Sparks: When jail becomes home: Japan's elderly seek refuge behind bars
This phenomenon, if it is indeed a refuge, requires a hypothesis that explains not only the incarceration but the societal structures that make penal institutions preferable to freedom.
The universe, in its infinite wisdom, has decided that the most sensible solution to elderly poverty is to offer complimentary lodging with bars, which is certainly one way to handle a housing crisis.
Observing the human body's decline, one sees a natural process, yet here the social body mimics this decay, revealing the skeletal structure of neglect beneath the skin of order.
The prison, a monument to societal control, now reveals its true ruin as a sanctuary for the abandoned, a dialectical image of progress consuming its own future.
Mapping the correlation between economic deprivation and carceral refuge reveals an ecological system where human well-being, like a fragile plant, withers when its vital supports are removed.
Wait - if the 'solution' to poverty is incarceration, then the underlying problem isn't being solved, it’s just being redefined to fit the existing infrastructure.
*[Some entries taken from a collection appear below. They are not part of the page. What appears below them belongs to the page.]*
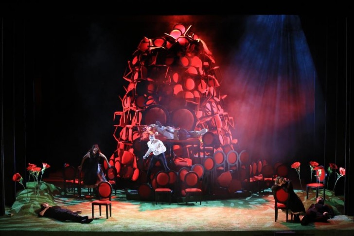 Un amoncellement savamment agencé de chaises rouges, donnant l'apparence du désordre et du chaos, signale les excès et les débordements de la fameuse nuit d'été. Excellente idée que de donner les deux premiers actes, reliés dans l'esprit tout comme ils le sont dans le temps, sans interruption. L'ordre apparemment retrouvé au troisième acte est ici suggéré par l'alignement impeccable des mêmes chaises, surplombées à l'arrière-plan par un temple grec – quelque peu bancal toutefois – qui semble garantir le retour au monde diurne de la sagesse et de la raison. Fort heureusement, la pièce jouée par les artisans vient faire diversion dans cet univers aseptisé, à la froideur presque inquiétante…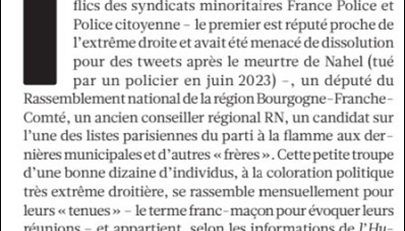 La loge « Abbé Suger » (1) :  des policiers, des syndicalistes et des responsables ou anciens responsables politiques liés au RN.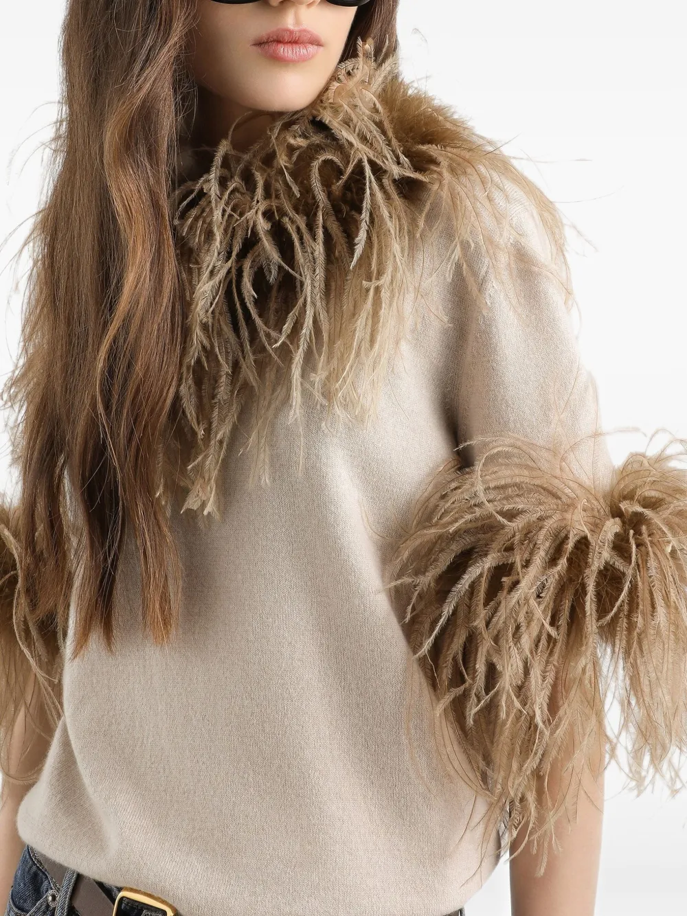Топ с перьями DOLCE & GABBANA, бежевый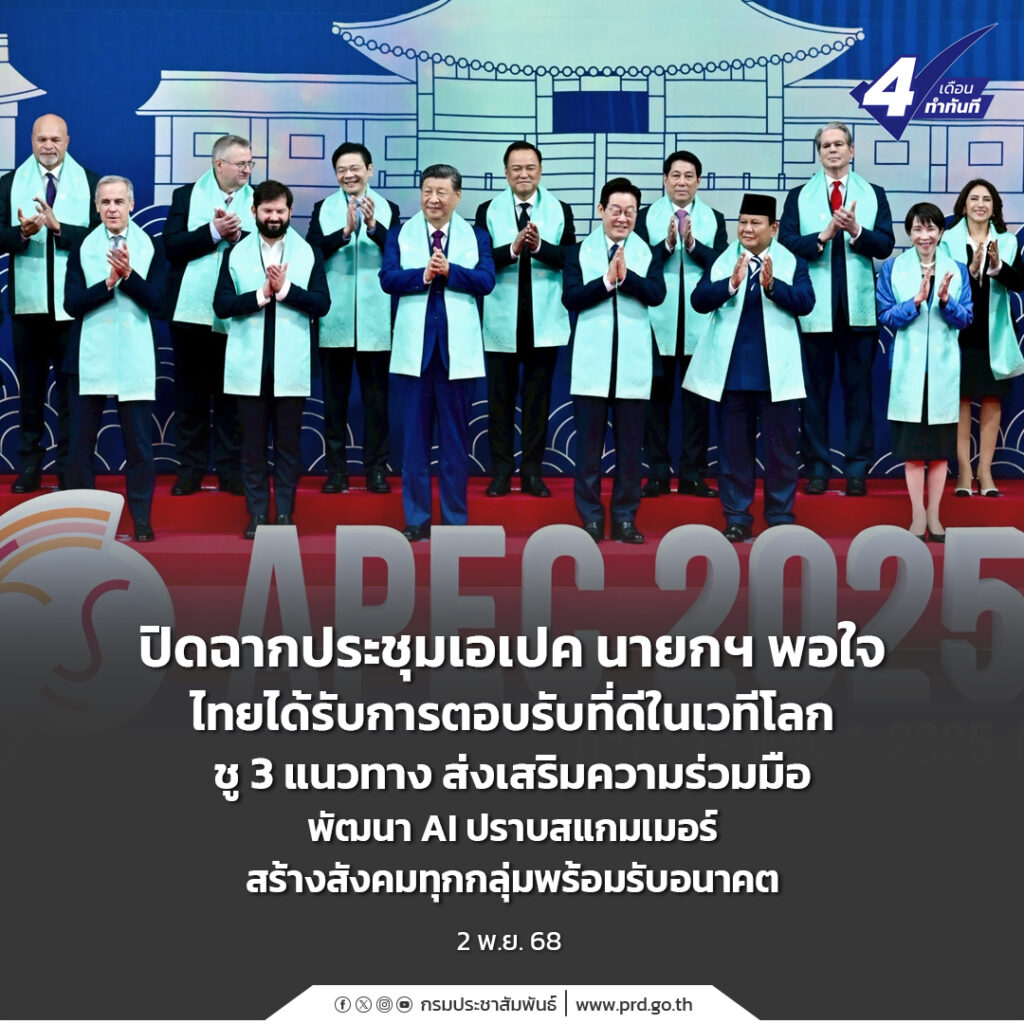 โดยนายกรัฐมนตรี ให้สัมภาษณ์ว่า พอใจภาพรวมตลอด 4 วันที่ผ่านมา (29 ต.ค. – 1 พ.ย. 68) ทั้งการหารือกับภาคเอกชนชั้นนำ สภาที่ปรึกษาทางธุรกิจเอเปค และการหารือทวิภาคีกับผู้นำหลายประเทศ จีน แคนาดา บรูไน และการพูดคุยกับนายโดนัลด์ เจ ทรัมป์ ประธานาธิบดีแห่งสหรัฐอเมริกา ซึ่งบรรยากาศโดยรวมเป็นไปอย่างฉันท์มิตร ทำให้การพูดคุยความร่วมมือต่าง ๆ มีสัญญาณที่ดี ทั้งการค้า การลงทุน การปราบปรามสแกมเมอร์ การท่องเที่ยว พลังงานสะอาด เศรษฐกิจดิจิทัล ตลอดจนการเชื่อมโยงระหว่างประชาชนกับประชาชน ซึ่งเป็นการสะท้อนให้เห็นว่า ไทยได้รับการตอบรับที่ดีในเวทีโลก

One finds oneself contemplating how the force once directed by the Virgin's grace is now channeled into the cold, efficient machinery of the penitentiary as a final societal comfort.
When 'home' can be used to describe a prison, we must examine the context in which the word 'home' has lost its usual grammatical function.
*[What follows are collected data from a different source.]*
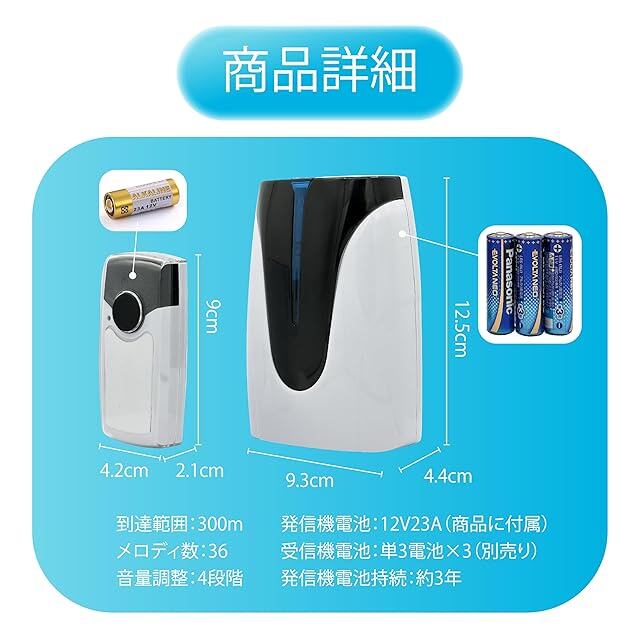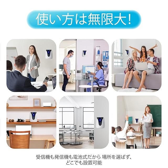 基本機能:玄関チャイム、来客チャイム、ナースコール、介護現場やレストラン、倉庫などでの呼び出しチャイムとして配線無しでラクラク設置できるワイヤレスチャイムです。家のどこにいてもチャイム音を聞き逃すことがありません。自宅、事務所、工場、介護現場、店舗、レストラン、居酒屋などにも最適です。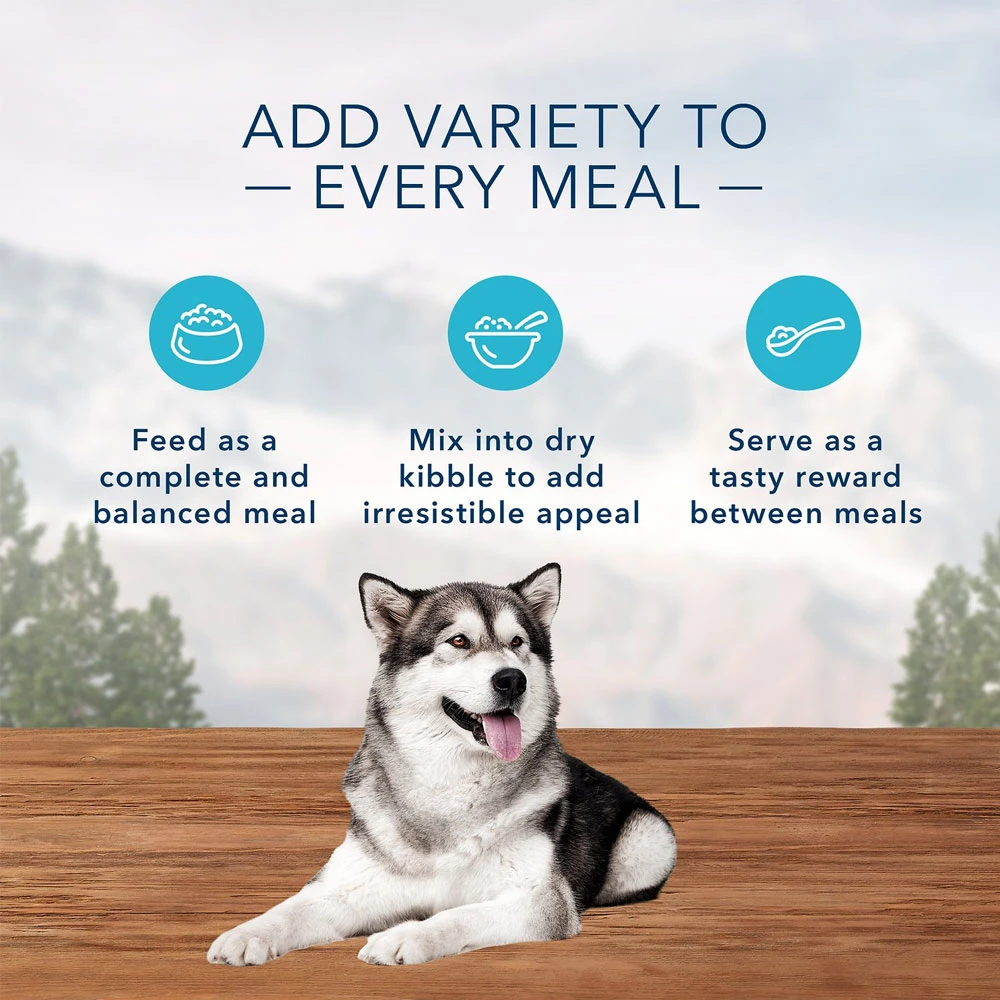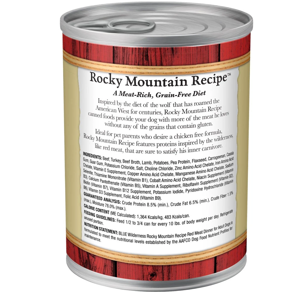 Blue Buffalo Wilderness Rocky Mountain Recipe High Protein Grain Free, Natural Adult Wet Dog Food. Paw-fect for your doggie dude, this irresistibly tasty wet food is made using only the finest naturally grain and gluten-free ingredients. It starts with high-quality protein from real beef, packed with fruits and veggies, then enhanced with vitamins and minerals. Formulated to promote an active lifestyle and healthy muscle growth, this high-protein dog food is made with wholesome ingredients that do not contain any chicken, grain, gluten, by-product meals, corn, wheat, soy, artificial flavors or preservatives.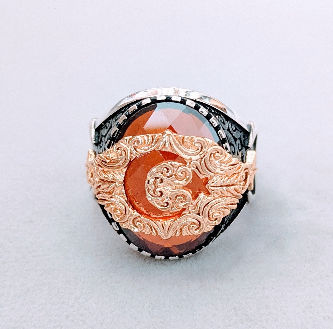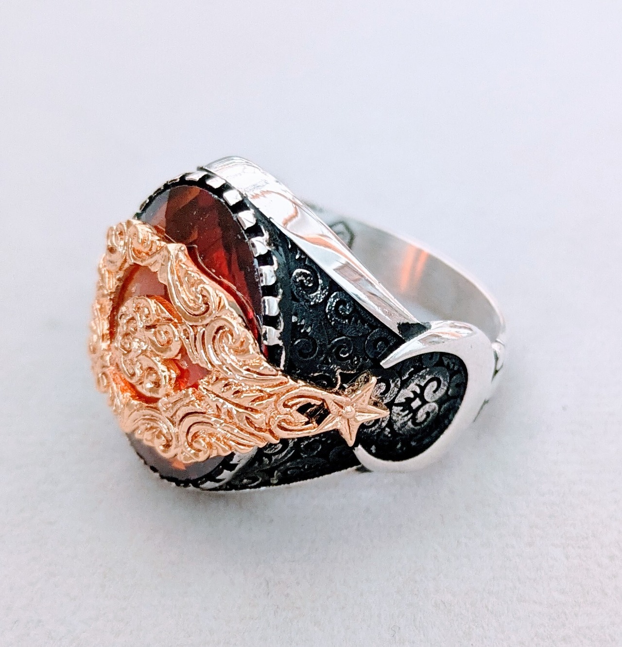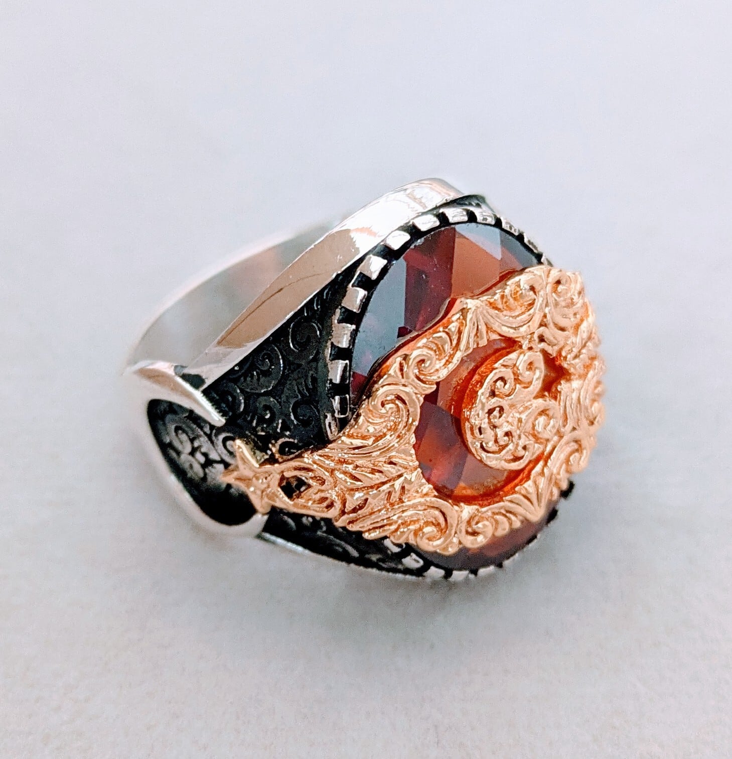 トップ部分には大粒の赤いジルコニア、それを覆うように金メッキで作られたトルコ国旗(月&星)を配置し、両脇部分にも月と星が施されているという、大変凝った作りのリングになっています。

Such an efficient arrangement, offering room and board to those who have outlived their welcome in polite society, though one wonders if the wardens appreciate the company.
When the government tries to solve poverty by building more prisons, it is like digging a deeper hole to escape the rain.
Common sense dictates that if the people find more comfort in a cell than in their own homes, then the system designed to protect them has become their oppressor.
This sad state of affairs calls us to reflect upon the moral decay of a society that offers its elders the dubious comfort of a prison cell over the dignity of a proper home.
You see how the architecture of your society, built on the illusion of progress, eventually reveals its true foundation: the abandonment of its most vulnerable.
Well, isn't that just a charming way to retire.
If a woman has worked her whole life, and finds her only shelter behind bars, then tell me, is this the freedom you promised?
To call this phenomenon 'refuge' is to indulge in the most squalid form of euphemism, obscuring the state's appalling dereliction of duty with saccharine cant.